## Directions for this task
Taking the line that contains "为贯彻落实学校团委关于加强学" as the start and the last line of the data as the end, repeat exactly every line in that span, but no pictures.

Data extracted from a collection
==*==

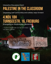 Palestine in the classroom - Interactive discussion Dienstag, 04.11.25 um 18:00 Uhr - Di., 04.11.2025 - 20:00 ganz woanders Turnseestr. 16
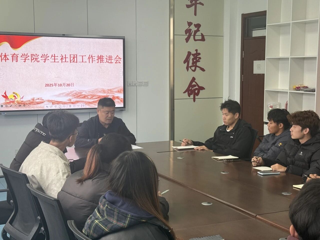 为贯彻落实学校团委关于加强学生体育社团建设的部署要求,10月20日,永乐高60net于党员活动室召开学生社团工作推进会。学院团委书记、社团发展部及各体育社团负责人参加会议。
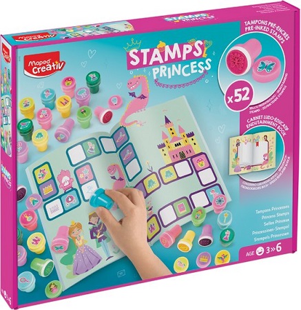 Creatieve stempelset met 52 zelfinktende prinsessen-stempels. Uitwasbaar uit de meeste stoffen. Inclusief activiteitenboekje met sjablonen. Ideaal voor kinderen van 3-6 jaar.
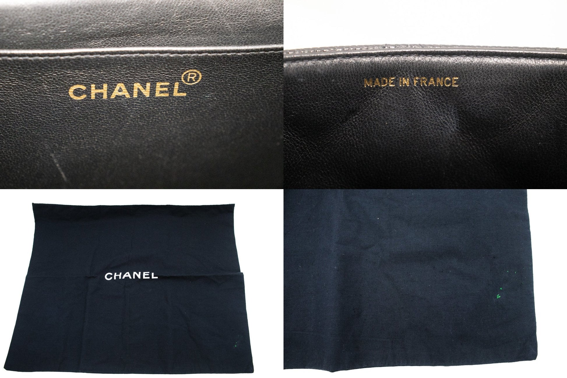 CHANEL Caviar Handbag Top Handle Bag Kelly Black Flap Leather Gold k75
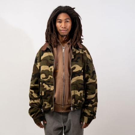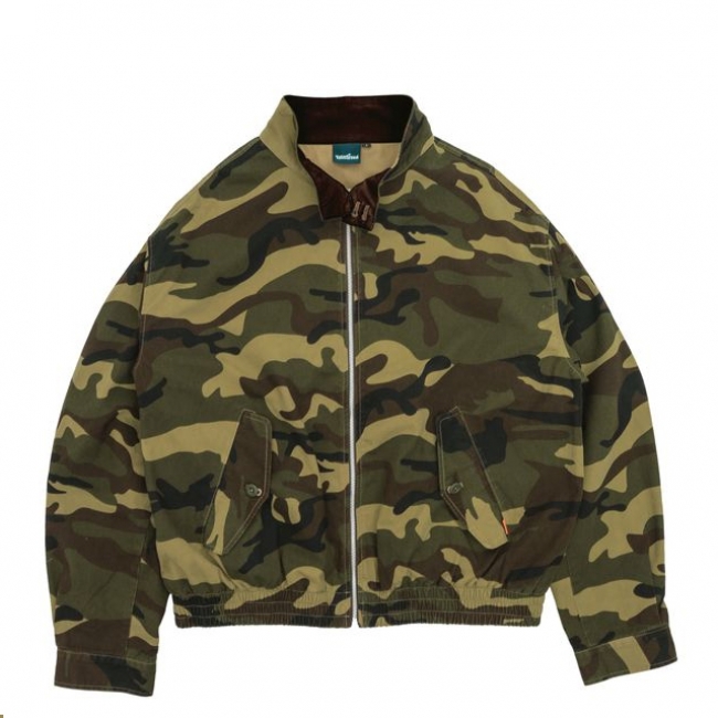 通年羽織れる肉感・仕様のアウターで、表地にはカモフラージュ柄のコットンツイル、裏地には薄手のコットンを使用しています。襟裏はコーデュロイ生地の切り替えで、G9 ジャケットをベースに丈感やディテールをアップデートしたオリジナルパターン。ベーシックなドリズラータイプながら、幅広のショート丈でトレンド感のあるシルエットです。フロントはファスナー仕様で IDEAL 製のファスナーを使用しています。
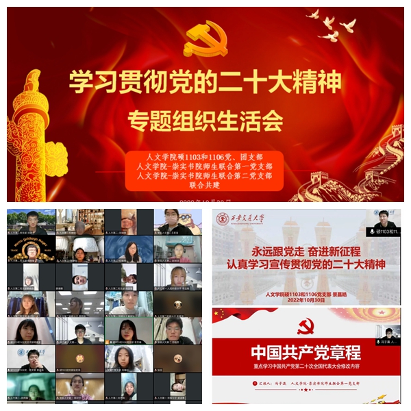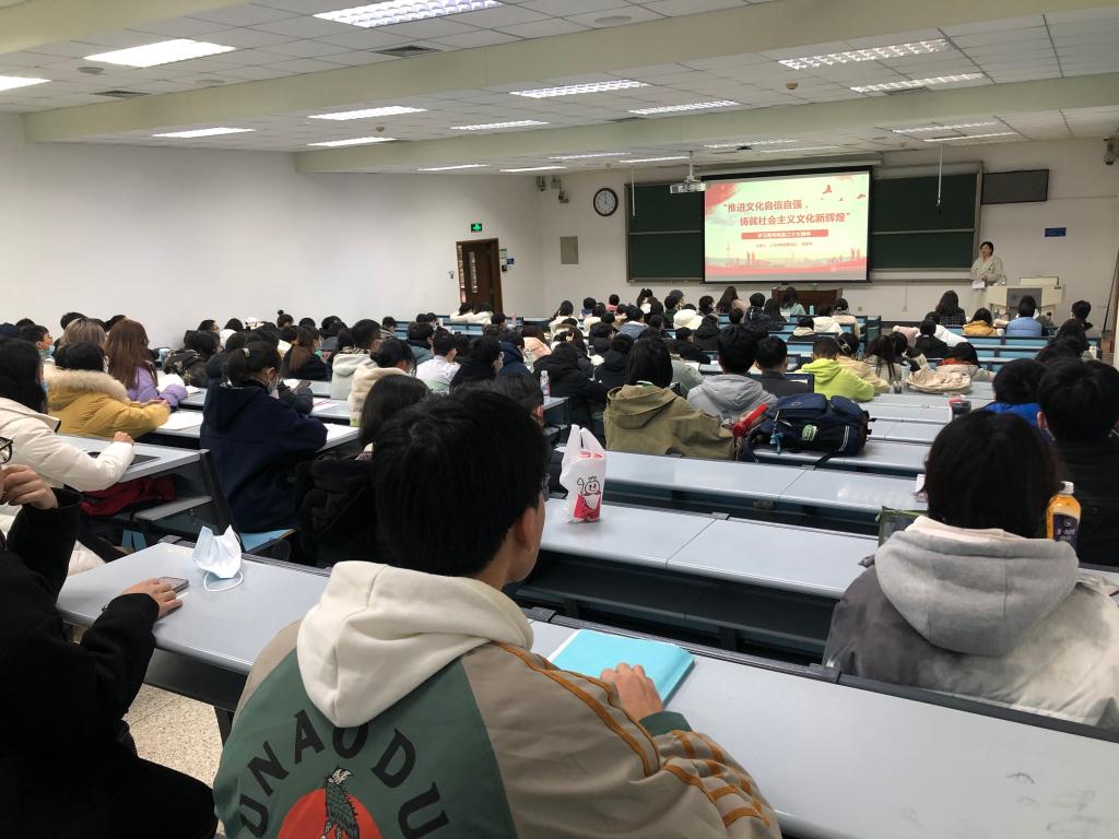 党委书记纪梦然为崇实书院入党积极分子作“推进文化自信自强,铸就社会主义文化新辉煌”主题党课。学院党委组建“人文之光”宣讲团,并选拔优秀本科生参与其中,强化对学生政治宣讲和思想引领,深入开展对党的二十大精神研究阐释和宣传宣讲工作,为本科生党支部购置发放《习近平谈治国理政》(第四卷)等学习材料,持续深化习近平新时代中国特色社会主义思想学习教育。
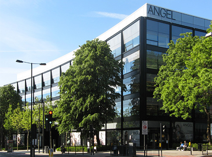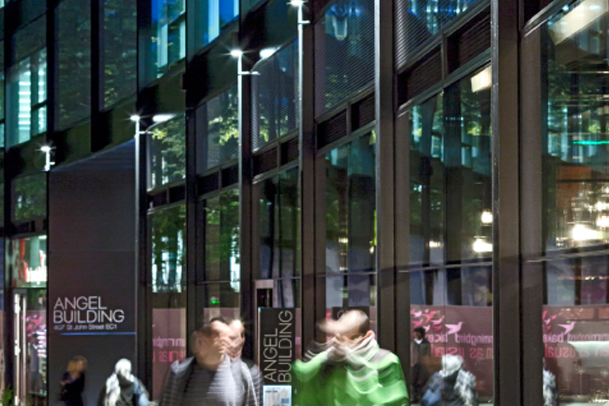 The angel building with an office area of 76,200 m² located in the prestigious district of Islington. With beautifully illuminated paths to the building and elegant cafeteria called The Angel Kitchen where everything is made with fresh produce.

==*==

## Solution for this exercise
 为贯彻落实学校团委关于加强学生体育社团建设的部署要求,10月20日,永乐高60net于党员活动室召开学生社团工作推进会。学院团委书记、社团发展部及各体育社团负责人参加会议。
 Creatieve stempelset met 52 zelfinktende prinsessen-stempels. Uitwasbaar uit de meeste stoffen. Inclusief activiteitenboekje met sjablonen. Ideaal voor kinderen van 3-6 jaar.
 CHANEL Caviar Handbag Top Handle Bag Kelly Black Flap Leather Gold k75
 通年羽織れる肉感・仕様のアウターで、表地にはカモフラージュ柄のコットンツイル、裏地には薄手のコットンを使用しています。襟裏はコーデュロイ生地の切り替えで、G9 ジャケットをベースに丈感やディテールをアップデートしたオリジナルパターン。ベーシックなドリズラータイプながら、幅広のショート丈でトレンド感のあるシルエットです。フロントはファスナー仕様で IDEAL 製のファスナーを使用しています。
 党委书记纪梦然为崇实书院入党积极分子作“推进文化自信自强,铸就社会主义文化新辉煌”主题党课。学院党委组建“人文之光”宣讲团,并选拔优秀本科生参与其中,强化对学生政治宣讲和思想引领,深入开展对党的二十大精神研究阐释和宣传宣讲工作,为本科生党支部购置发放《习近平谈治国理政》(第四卷)等学习材料,持续深化习近平新时代中国特色社会主义思想学习教育。
 The angel building with an office area of 76,200 m² located in the prestigious district of Islington. With beautifully illuminated paths to the building and elegant cafeteria called The Angel Kitchen where everything is made with fresh produce.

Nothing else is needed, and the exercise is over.